“People don’t like that”: The artist that Tom Petty thought had too many hits
There isn’t a single soul in the music industry who’s going to say that reaching the top of the charts is a bad thing. While a handful of punks will consider any song that sniffs the top 40 as a sign of selling out, most people would give their left arm to have a song that even manages to clear the bottom of the charts, let alone reach the top of the pile for a few weeks. As for Tom Petty, though, he knew that there were always cases where a band could get too overexposed as well.
Because when looking at rock and roll, it was always made by outsiders in some capacity. The best artists in the genre are normally people who don’t have a set home, and by reaching the top of the charts, people like David Bowie were treated as the exceptions to the rule in rock and made eccentricity feel a bit more acceptable for the greater listening public half the time. But that wasn’t the kind of music Petty was in the business for.
As much as he had been a thorn in the side of the industry types for years, Petty was still interested in playing mainstream music to anyone who would listen.
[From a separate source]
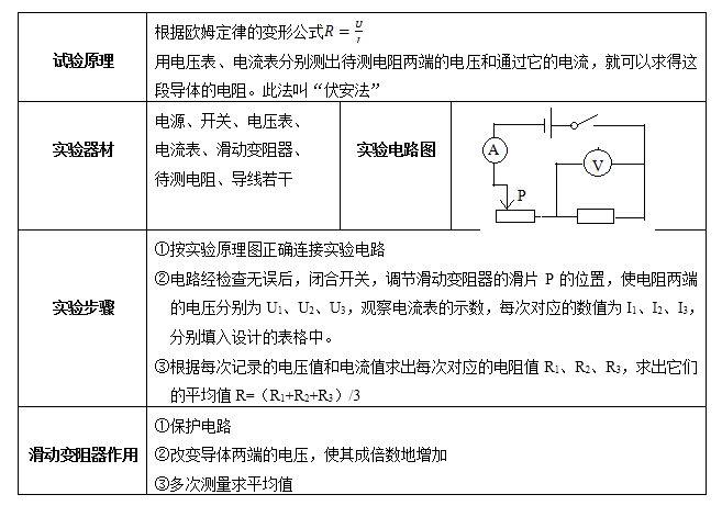 2022年初中物理:伏安法测导体电阻
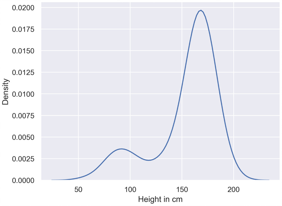 The density plot is primarily used for comparing the distribution of several variables by plotting the density on the same axis and using different colors. The following diagram shows a density plot for multiple variables such as height and density.

Every one of his singles stayed within the radio-rock format, and once he sorted things out with his record company, tunes like ‘Here Comes My Girl’ and ‘Don’t Do Me Like That’ became the next version of rock and roll for a majority of fans, even if there was a little bit of The Byrds in his delivery.
If Petty found the mathematical way of making hits, though, Jeff Lynne had turned the entire practice into a scientist. He had been studying the idea of pop as an art form ever since the days of The Beatles, and while ELO also had their zany moments on record, Lynne had that uncanny ability to make every single one of his choruses land with audiences.
While most people around that time did see Lynne’s space-themed outfit as nothing more than the band with the cellos and the afros, it didn’t matter whenever ‘Telephone Line’ or ‘Evil Woman’ came on the radio. But when someone is at the top for that long, there comes a point when there doesn’t seem to be a clear goal for where they should go next after they reach the top of the mountain.
When talking about his comeback, Lynne remembered Petty telling him that the number of singles he put out may have indirectly hurt ELO, saying, “Tom Petty made the best rationale for that: I always had too many hits! Too many hit singles. And people don’t like that. Writers, they just don’t forgive you for that. If you have too many, they think there’s gotta be something wrong with you. You must be like Perry Como, know what I mean?”
But if someone has the golden touch that Lynne did during every single production job, why would he not want to show it off? It can get a bit monotonous, but even if a few critics got tired of hearing him on the radio, that shouldn’t have become a problem when the sound he made was perfect, especially when working on records with Petty like Full Moon Fever or becoming his bandmate in the Traveling Wilburys.
He may have been omnipresent on the charts back then, but Lynne’s problem of having too many singles is the same non-issue that people level against Taylor Swift now. Yes, she may dominate a good portion of the hit parade, but the only time that becomes a problem is when it’s unwarranted, and when someone’s dealing with a musical genius, there’s no reason to think that they wouldn’t have the world’s ears attuned to them.